WORK INSTRUCTIONS ▸
Starting at the line with "Bald zwei Jahre", copy each line through the last one below exactly as written, without any pictures.

··· STORED DATA ···

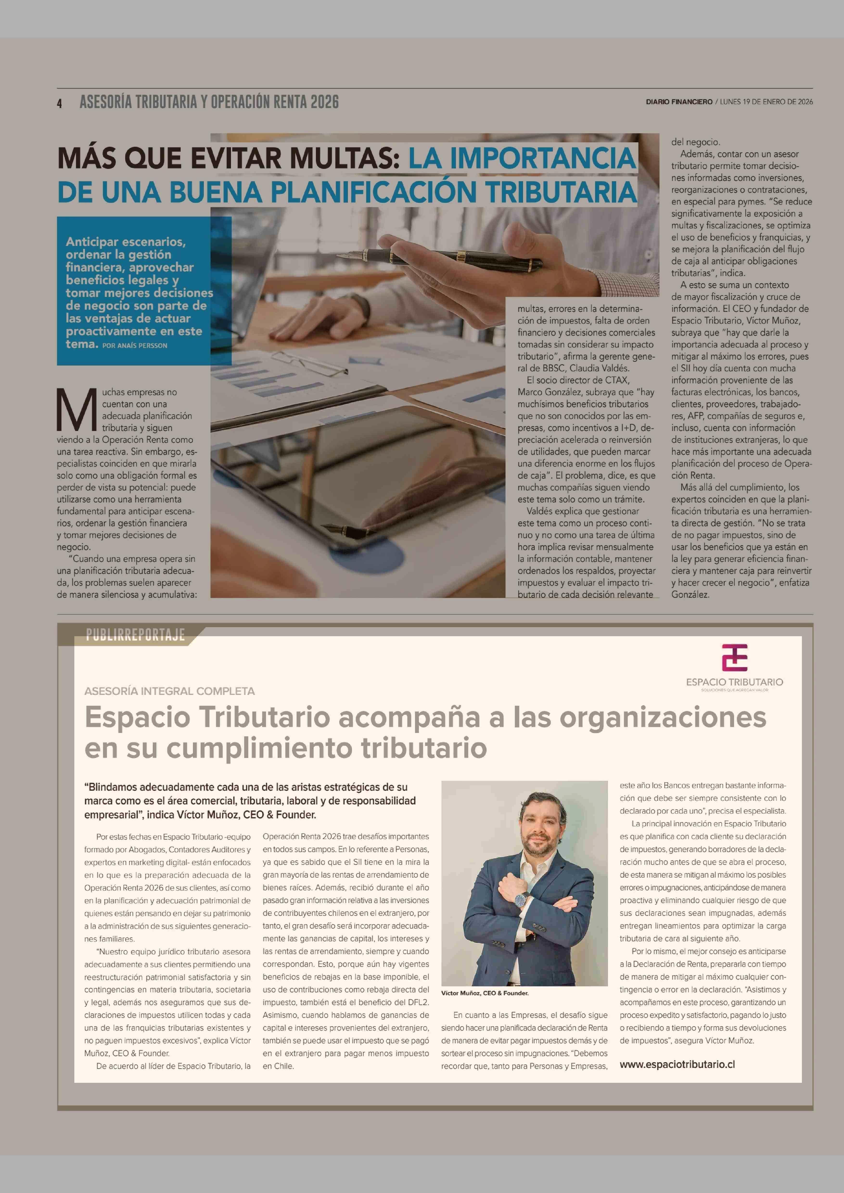 Espacio Tributario acompaña a las organizaciones en su cumplimiento tributario 19-01-2026 Diario Financiero |
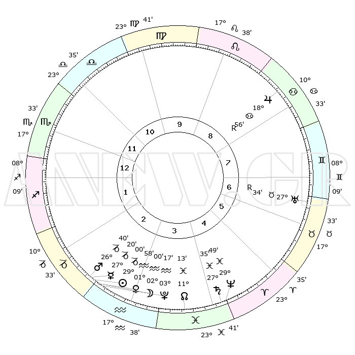| | ΘΕΣΕΙΣ ΠΛΑΝΗΤΩΝ ΑΣΤΡΟΛΟΓΙΚΟΥ ΧΑΡΤΗ ΤΗΣ ΣΤΙΓΜΗΣ ΑΥΤΗΣ | | | | Πλανήτης | Ζώδιο | Μοίρες | Δεκαήμ. | Σε οίκο | Απόκλιση | | Ακμές των οίκων | | Ηλιος | Αιγόκερως | 28°55' | Τρίτο | 3 | 20 S 22 | | 1ος | 16°03' | Σκορπιός | | Σελήνη | Υδροχόος | 01°03' | Πρώτο | 3 | 23 S 03 | | 2ος | 15°37' | Τοξότης | | Ερμής | Αιγόκερως | 27°13' | Τρίτο | 3 | 22 S 39 | | 3ος | 19°14' | Αιγόκερως | | Αφροδίτη | Υδροχόος | 01°53' | Πρώτο | 3 | 20 S 48 | | 4ος | 24°35' | Υδροχόος | | Αρης | Αιγόκερως | 26°36' | Τρίτο | 3 | 21 S 48 | | 5ος | 26°56' | Ιχθείς | | Δίας | Καρκίνος | 18°57'R | Δεύτερο | 8 | 22 N 22 | | 6ος | 23°51' | Κριός | | Κρόνος | Ιχθείς | 27°34' | Τρίτο | 5 | 02 S 59 | | 7ος | 16°03' | Ταύρος | | Ουρανός | Ταύρος | 27°34'R | Τρίτο | 7 | 19 N 25 | | 8ος | 15°37' | Δίδυμοι | | Ποσειδώνας | Ιχθείς | 29°49' | Τρίτο | 5 | 01 S 17 | | 9ος | 19°14' | Καρκίνος | | Πλούτωνας | Υδροχόος | 03°17' | Πρώτο | 3 | 23 S 06 | | 10ος | 24°35' | Λέων | | Β. Δεσμός | Ιχθείς | 11°13' | Δεύτερο | 4 | 07 S 21 | | 11ος | 26°56' | Παρθένος | | Ωροσκόπος | Σκορπιός | 16°03' | Δεύτερο | | | 12ος | 23°51' | Ζυγός | | Μεσουράνημα | Λέων | 24°35' | Τρίτο | | | |
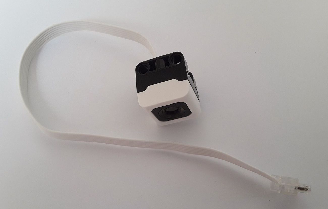Bald zwei Jahre gibt es den Technic Farbsensor. Er kann neben Farben auch die Helligkeit der Umgebung messen und hat einen weißen LED-Ring um die Linse, der in drei Segmente aufgeteilt werden kann. Letzteres wird aber nicht von der SPIKE Essential-Software unterstützt. Die optimale Entfernung zur Farberkennung zwischen Sensor und Objekt beträgt 16 mm.
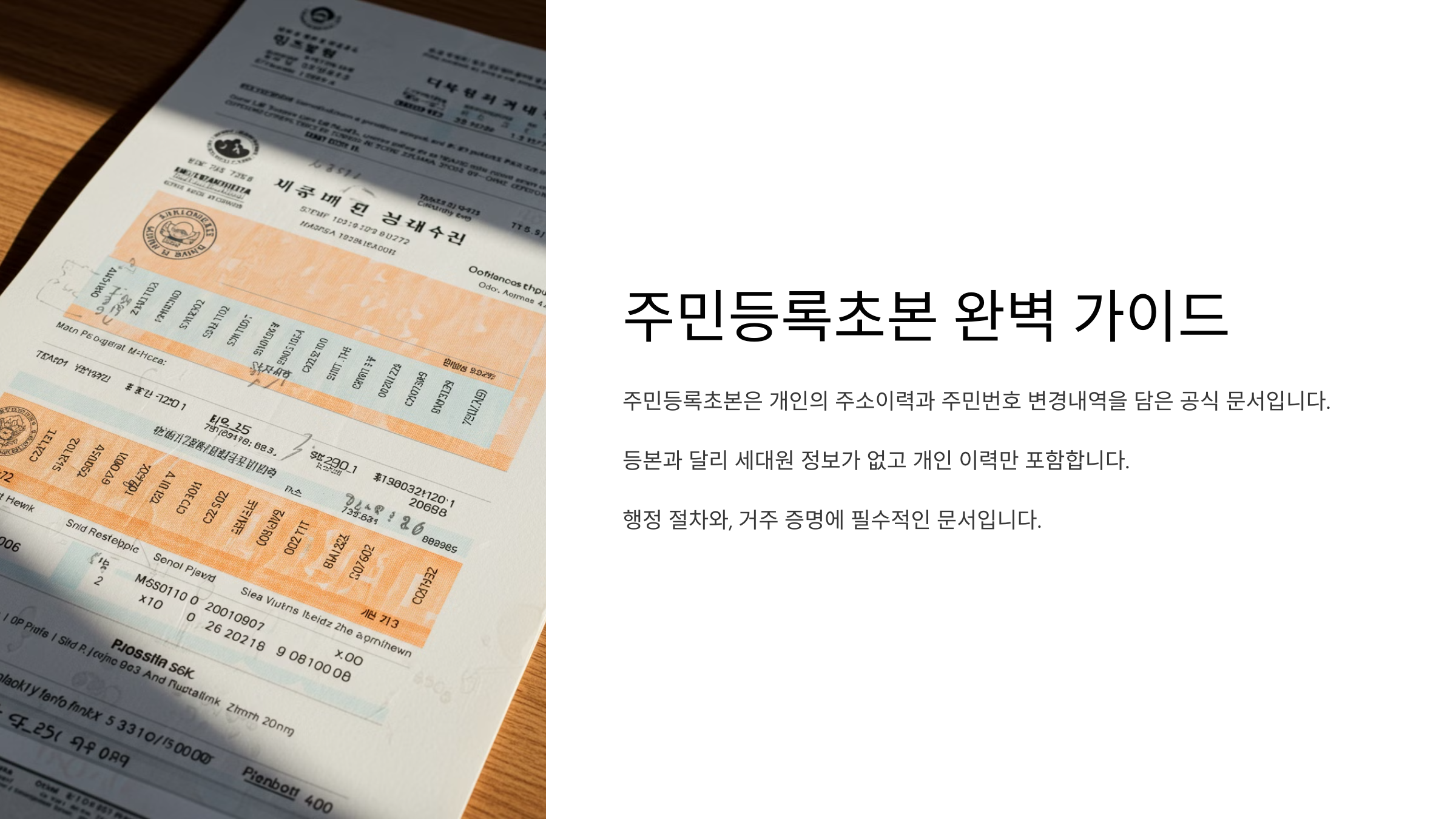 온라인, 오프라인, 무인 발급기까지 총정리!안녕하세요, 여러분! 😊은행 업무, 취업, 병역 확인 등 다양한 곳에서 필요한 주민등록초본!주민등록초본은 본인의 주민등록 변동 사항을 증명하는 서류로, 온라인과 오프라인에서 쉽게 발급받을 수 있어요. 💻오늘은 온라인, 주민센터, 무인발급기를 이용해 간편하게 발급받는 방법을 알려드릴게요. 😊📌 목차주민등록초본이란? 📄주민등록초본이 필요한 경우 🏦온라인 발급 방법 💻오프라인 발급 방법 🏢무인 발급기 이용하기 🖥️자주 묻는 질문 (FAQ) 💡주민등록초본이란? 📄주민등록초본은 주민등록등본과 달리 본인의 정보만 포함된 문서예요.주소 변동 내역, 병역사항 등의 정보가 포함되며, 본인이 직접 신청해야 해요.✅ 주민등록초본 vs 주민등록등본구분주민등록초본주..

···

COMPLETED TASK ▸
Bald zwei Jahre gibt es den Technic Farbsensor. Er kann neben Farben auch die Helligkeit der Umgebung messen und hat einen weißen LED-Ring um die Linse, der in drei Segmente aufgeteilt werden kann. Letzteres wird aber nicht von der SPIKE Essential-Software unterstützt. Die optimale Entfernung zur Farberkennung zwischen Sensor und Objekt beträgt 16 mm.
 온라인, 오프라인, 무인 발급기까지 총정리!안녕하세요, 여러분! 😊은행 업무, 취업, 병역 확인 등 다양한 곳에서 필요한 주민등록초본!주민등록초본은 본인의 주민등록 변동 사항을 증명하는 서류로, 온라인과 오프라인에서 쉽게 발급받을 수 있어요. 💻오늘은 온라인, 주민센터, 무인발급기를 이용해 간편하게 발급받는 방법을 알려드릴게요. 😊📌 목차주민등록초본이란? 📄주민등록초본이 필요한 경우 🏦온라인 발급 방법 💻오프라인 발급 방법 🏢무인 발급기 이용하기 🖥️자주 묻는 질문 (FAQ) 💡주민등록초본이란? 📄주민등록초본은 주민등록등본과 달리 본인의 정보만 포함된 문서예요.주소 변동 내역, 병역사항 등의 정보가 포함되며, 본인이 직접 신청해야 해요.✅ 주민등록초본 vs 주민등록등본구분주민등록초본주..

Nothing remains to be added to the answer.